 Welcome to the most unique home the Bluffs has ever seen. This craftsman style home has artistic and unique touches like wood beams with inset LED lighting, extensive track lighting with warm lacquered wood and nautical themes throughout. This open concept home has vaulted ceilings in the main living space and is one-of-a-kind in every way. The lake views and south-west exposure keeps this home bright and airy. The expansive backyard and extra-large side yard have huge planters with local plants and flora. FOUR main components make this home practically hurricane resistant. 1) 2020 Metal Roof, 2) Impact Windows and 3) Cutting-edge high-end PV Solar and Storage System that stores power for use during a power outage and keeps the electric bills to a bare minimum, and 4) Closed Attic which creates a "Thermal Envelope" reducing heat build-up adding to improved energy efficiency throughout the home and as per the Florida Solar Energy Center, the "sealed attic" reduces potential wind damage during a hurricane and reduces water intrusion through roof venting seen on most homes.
--
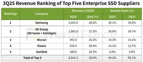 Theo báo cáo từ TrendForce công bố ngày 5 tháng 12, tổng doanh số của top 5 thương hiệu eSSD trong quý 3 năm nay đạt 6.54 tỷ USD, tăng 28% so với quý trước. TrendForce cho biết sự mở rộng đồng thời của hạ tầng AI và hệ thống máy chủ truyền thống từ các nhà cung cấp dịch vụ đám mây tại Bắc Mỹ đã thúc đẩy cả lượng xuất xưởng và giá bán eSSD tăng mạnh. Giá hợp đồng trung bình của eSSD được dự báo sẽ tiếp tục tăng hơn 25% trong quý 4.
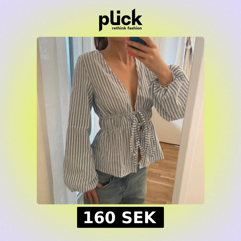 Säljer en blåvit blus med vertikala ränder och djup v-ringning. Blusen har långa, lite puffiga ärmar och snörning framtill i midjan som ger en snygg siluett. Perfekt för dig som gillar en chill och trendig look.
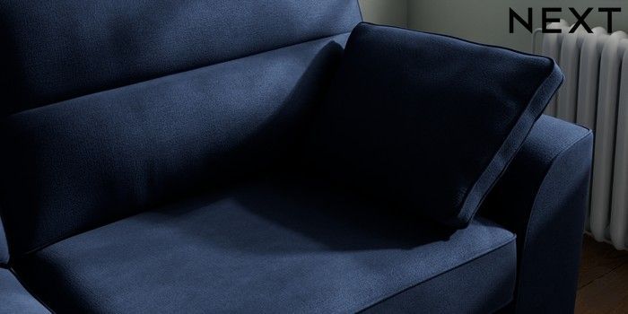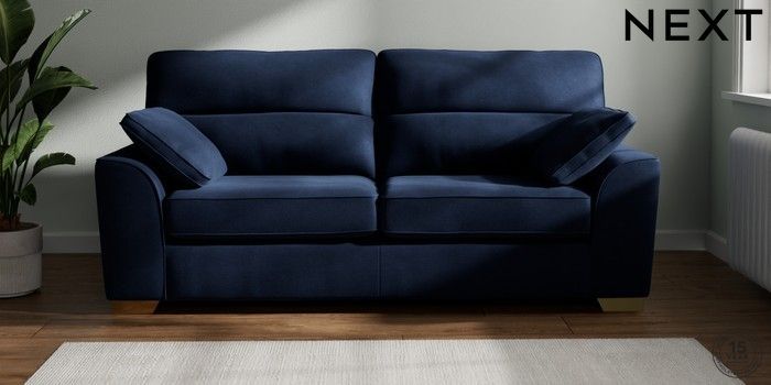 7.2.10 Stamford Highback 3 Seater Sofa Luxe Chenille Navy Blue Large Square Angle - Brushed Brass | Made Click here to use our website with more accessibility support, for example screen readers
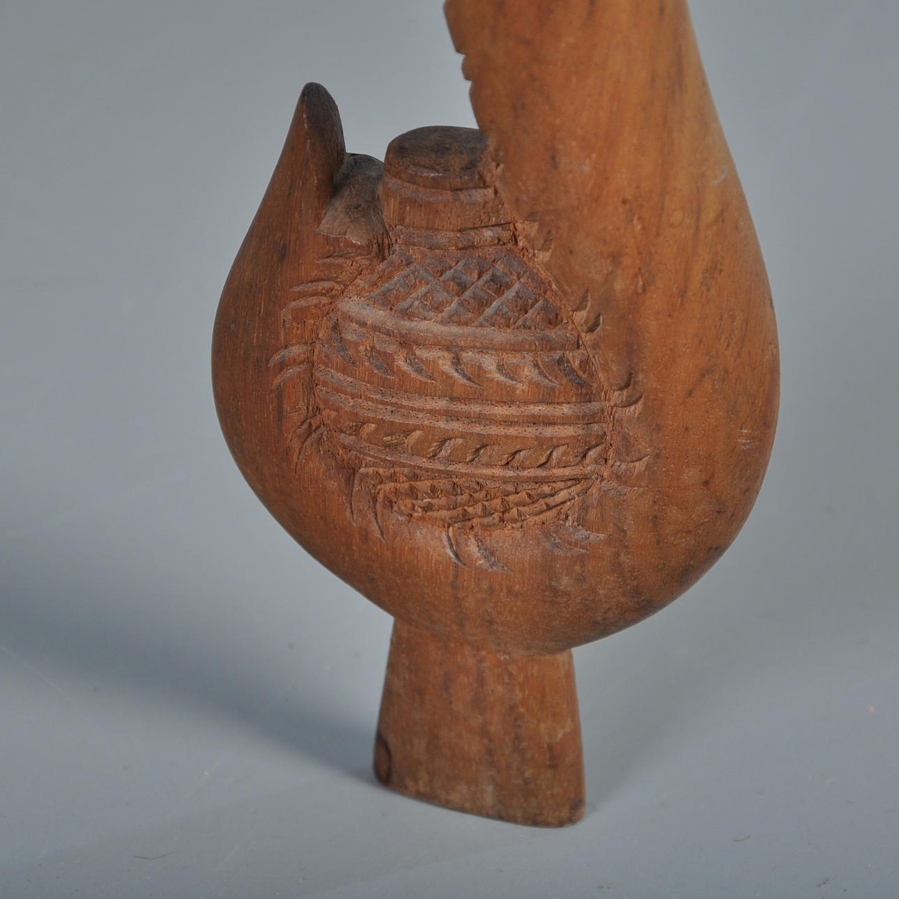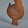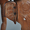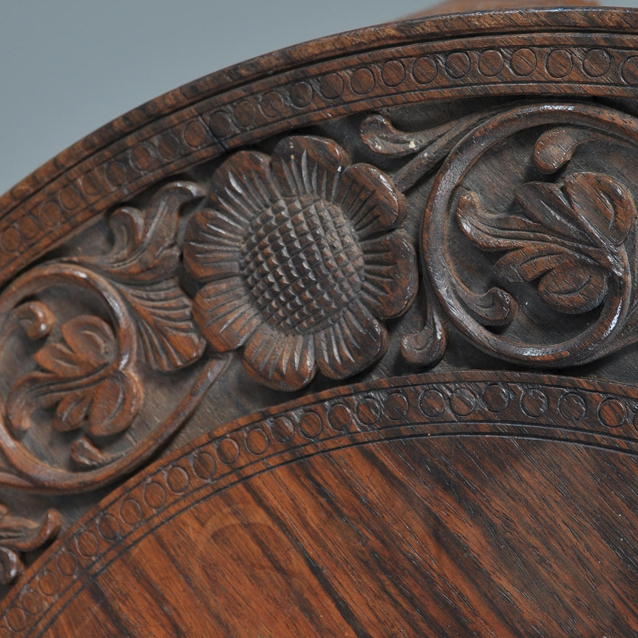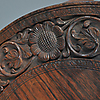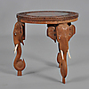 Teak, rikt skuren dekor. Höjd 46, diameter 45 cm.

THE TASK ▸ Taking the entries above, copy word for word the lines from the one with "Theo báo cáo" up to and including the one with "Säljer en blåvit", without any picture.

RESULT FOR THIS EXERCISE ▸
 Theo báo cáo từ TrendForce công bố ngày 5 tháng 12, tổng doanh số của top 5 thương hiệu eSSD trong quý 3 năm nay đạt 6.54 tỷ USD, tăng 28% so với quý trước. TrendForce cho biết sự mở rộng đồng thời của hạ tầng AI và hệ thống máy chủ truyền thống từ các nhà cung cấp dịch vụ đám mây tại Bắc Mỹ đã thúc đẩy cả lượng xuất xưởng và giá bán eSSD tăng mạnh. Giá hợp đồng trung bình của eSSD được dự báo sẽ tiếp tục tăng hơn 25% trong quý 4.
 Säljer en blåvit blus med vertikala ränder och djup v-ringning. Blusen har långa, lite puffiga ärmar och snörning framtill i midjan som ger en snygg siluett. Perfekt för dig som gillar en chill och trendig look.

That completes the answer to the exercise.